> **The problem**
No picture belongs in the copy. Repeat each line below exactly.

#### Extracted information

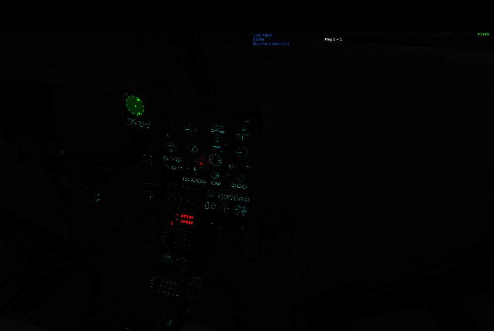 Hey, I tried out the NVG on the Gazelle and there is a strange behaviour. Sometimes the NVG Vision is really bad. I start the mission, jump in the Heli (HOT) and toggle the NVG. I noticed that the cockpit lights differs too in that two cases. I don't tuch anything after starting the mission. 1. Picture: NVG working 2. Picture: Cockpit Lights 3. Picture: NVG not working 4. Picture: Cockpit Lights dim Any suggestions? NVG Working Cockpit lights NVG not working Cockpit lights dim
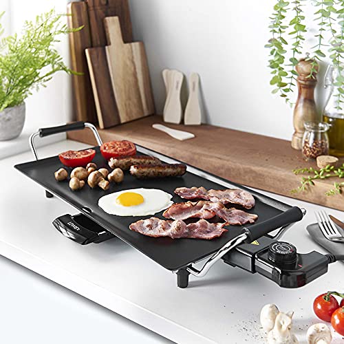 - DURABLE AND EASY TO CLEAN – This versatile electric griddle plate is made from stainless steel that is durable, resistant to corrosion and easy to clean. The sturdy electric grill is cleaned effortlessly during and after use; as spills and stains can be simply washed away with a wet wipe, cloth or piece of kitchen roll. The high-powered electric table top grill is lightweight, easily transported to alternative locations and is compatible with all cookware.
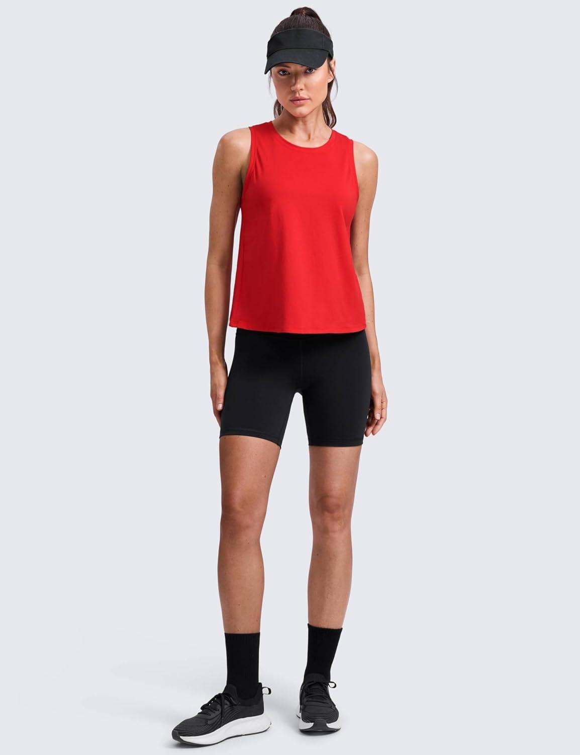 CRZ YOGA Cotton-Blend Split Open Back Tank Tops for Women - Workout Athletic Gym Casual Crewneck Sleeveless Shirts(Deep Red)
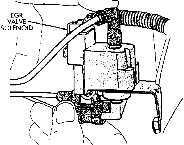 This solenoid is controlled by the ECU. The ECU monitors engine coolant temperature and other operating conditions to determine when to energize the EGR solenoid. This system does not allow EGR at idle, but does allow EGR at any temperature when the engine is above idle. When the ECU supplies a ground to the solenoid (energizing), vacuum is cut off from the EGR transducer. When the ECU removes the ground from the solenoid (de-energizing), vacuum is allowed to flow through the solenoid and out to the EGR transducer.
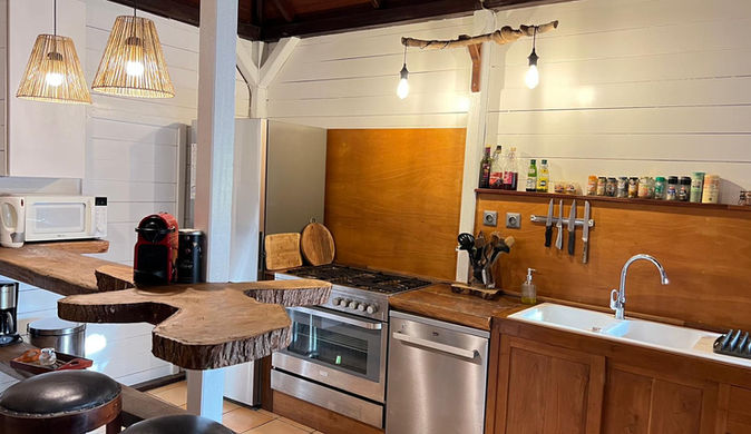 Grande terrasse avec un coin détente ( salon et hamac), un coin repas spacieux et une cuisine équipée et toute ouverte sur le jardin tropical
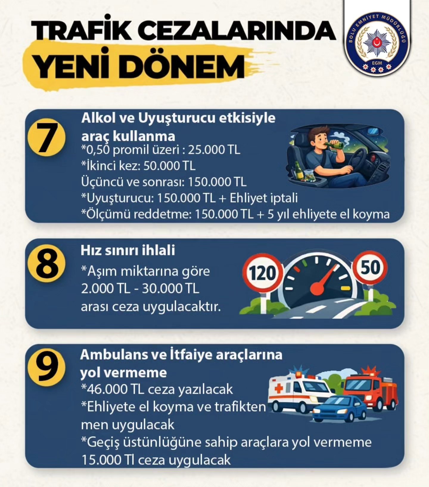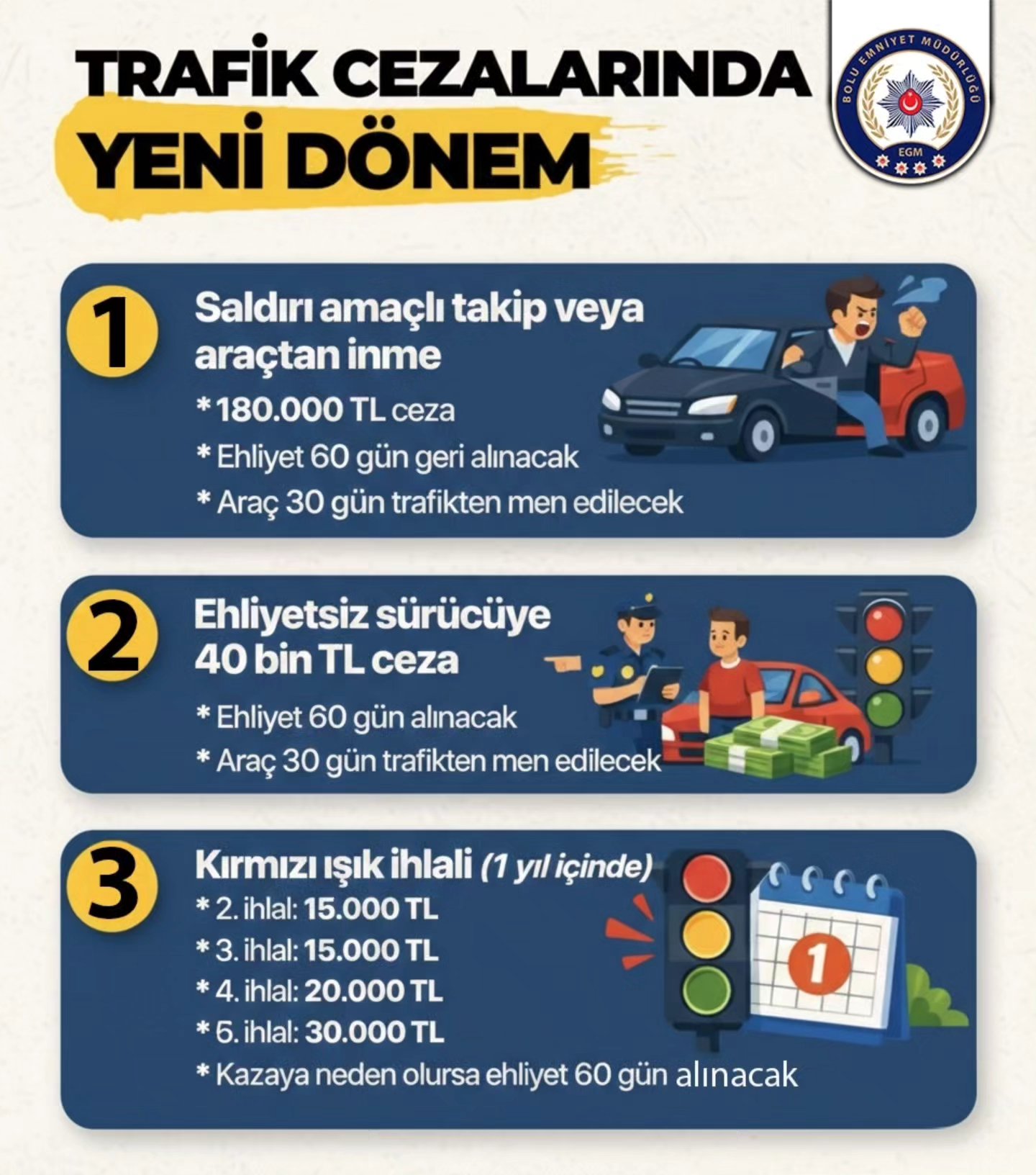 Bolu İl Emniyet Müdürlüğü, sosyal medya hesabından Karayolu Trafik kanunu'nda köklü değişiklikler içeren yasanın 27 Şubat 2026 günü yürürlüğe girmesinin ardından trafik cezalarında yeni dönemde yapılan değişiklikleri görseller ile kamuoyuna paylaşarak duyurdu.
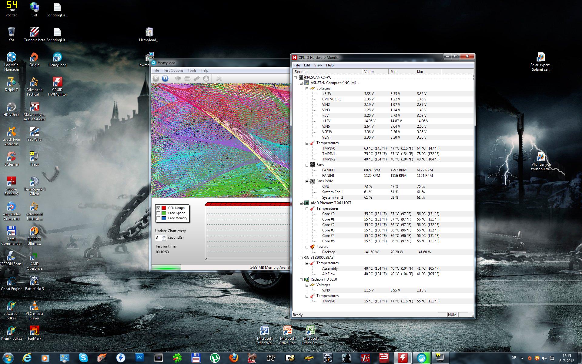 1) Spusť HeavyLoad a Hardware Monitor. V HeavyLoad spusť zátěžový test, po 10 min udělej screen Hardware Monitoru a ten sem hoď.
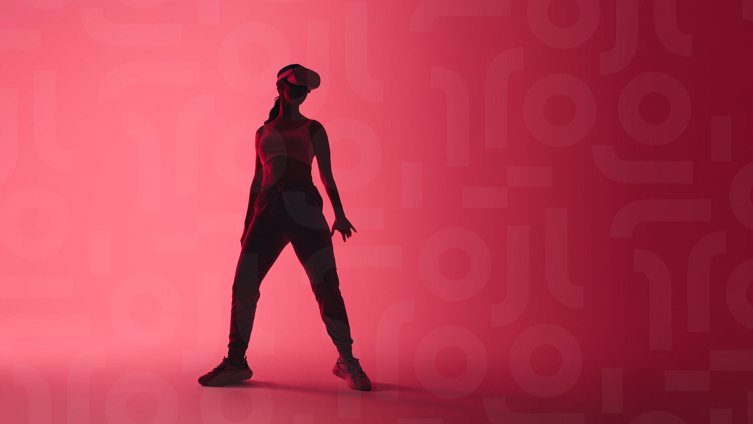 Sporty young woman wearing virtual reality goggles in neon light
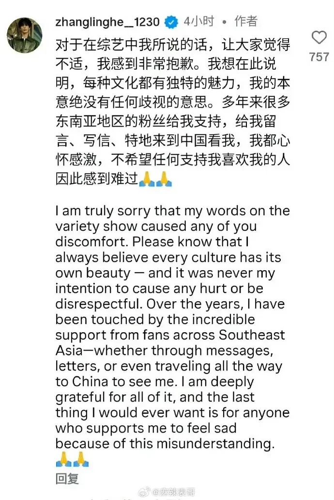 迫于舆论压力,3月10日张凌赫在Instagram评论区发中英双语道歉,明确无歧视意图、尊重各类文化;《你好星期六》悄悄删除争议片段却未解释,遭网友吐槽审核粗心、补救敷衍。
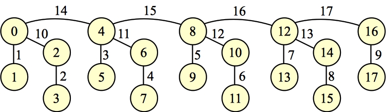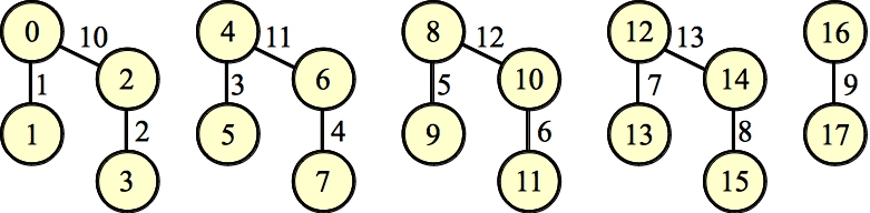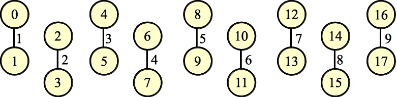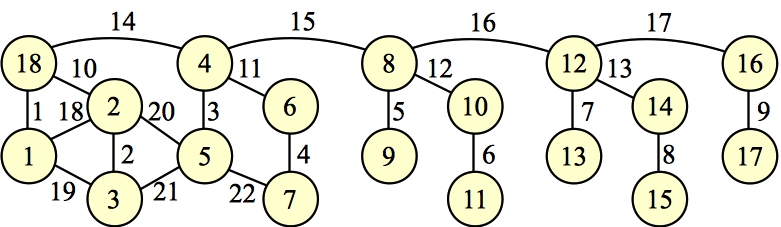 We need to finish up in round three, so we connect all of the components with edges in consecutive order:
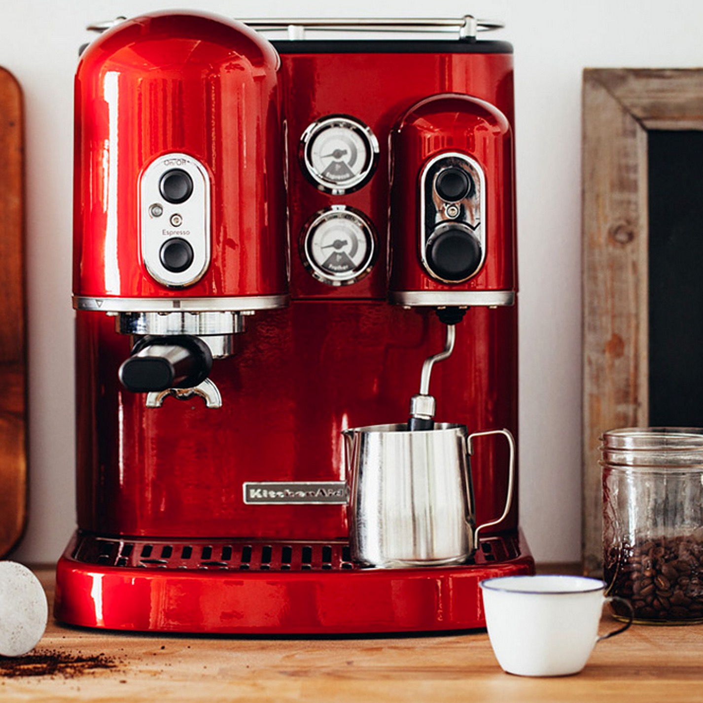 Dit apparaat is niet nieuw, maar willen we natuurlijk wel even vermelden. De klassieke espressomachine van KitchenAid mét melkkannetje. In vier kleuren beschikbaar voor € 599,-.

########

> **Exercise answer**
 Hey, I tried out the NVG on the Gazelle and there is a strange behaviour. Sometimes the NVG Vision is really bad. I start the mission, jump in the Heli (HOT) and toggle the NVG. I noticed that the cockpit lights differs too in that two cases. I don't tuch anything after starting the mission. 1. Picture: NVG working 2. Picture: Cockpit Lights 3. Picture: NVG not working 4. Picture: Cockpit Lights dim Any suggestions? NVG Working Cockpit lights NVG not working Cockpit lights dim
 - DURABLE AND EASY TO CLEAN – This versatile electric griddle plate is made from stainless steel that is durable, resistant to corrosion and easy to clean. The sturdy electric grill is cleaned effortlessly during and after use; as spills and stains can be simply washed away with a wet wipe, cloth or piece of kitchen roll. The high-powered electric table top grill is lightweight, easily transported to alternative locations and is compatible with all cookware.
 CRZ YOGA Cotton-Blend Split Open Back Tank Tops for Women - Workout Athletic Gym Casual Crewneck Sleeveless Shirts(Deep Red)
 This solenoid is controlled by the ECU. The ECU monitors engine coolant temperature and other operating conditions to determine when to energize the EGR solenoid. This system does not allow EGR at idle, but does allow EGR at any temperature when the engine is above idle. When the ECU supplies a ground to the solenoid (energizing), vacuum is cut off from the EGR transducer. When the ECU removes the ground from the solenoid (de-energizing), vacuum is allowed to flow through the solenoid and out to the EGR transducer.
 Grande terrasse avec un coin détente ( salon et hamac), un coin repas spacieux et une cuisine équipée et toute ouverte sur le jardin tropical
 Bolu İl Emniyet Müdürlüğü, sosyal medya hesabından Karayolu Trafik kanunu'nda köklü değişiklikler içeren yasanın 27 Şubat 2026 günü yürürlüğe girmesinin ardından trafik cezalarında yeni dönemde yapılan değişiklikleri görseller ile kamuoyuna paylaşarak duyurdu.
 1) Spusť HeavyLoad a Hardware Monitor. V HeavyLoad spusť zátěžový test, po 10 min udělej screen Hardware Monitoru a ten sem hoď.
 Sporty young woman wearing virtual reality goggles in neon light
 迫于舆论压力,3月10日张凌赫在Instagram评论区发中英双语道歉,明确无歧视意图、尊重各类文化;《你好星期六》悄悄删除争议片段却未解释,遭网友吐槽审核粗心、补救敷衍。
 We need to finish up in round three, so we connect all of the components with edges in consecutive order:
 Dit apparaat is niet nieuw, maar willen we natuurlijk wel even vermelden. De klassieke espressomachine van KitchenAid mét melkkannetje. In vier kleuren beschikbaar voor € 599,-.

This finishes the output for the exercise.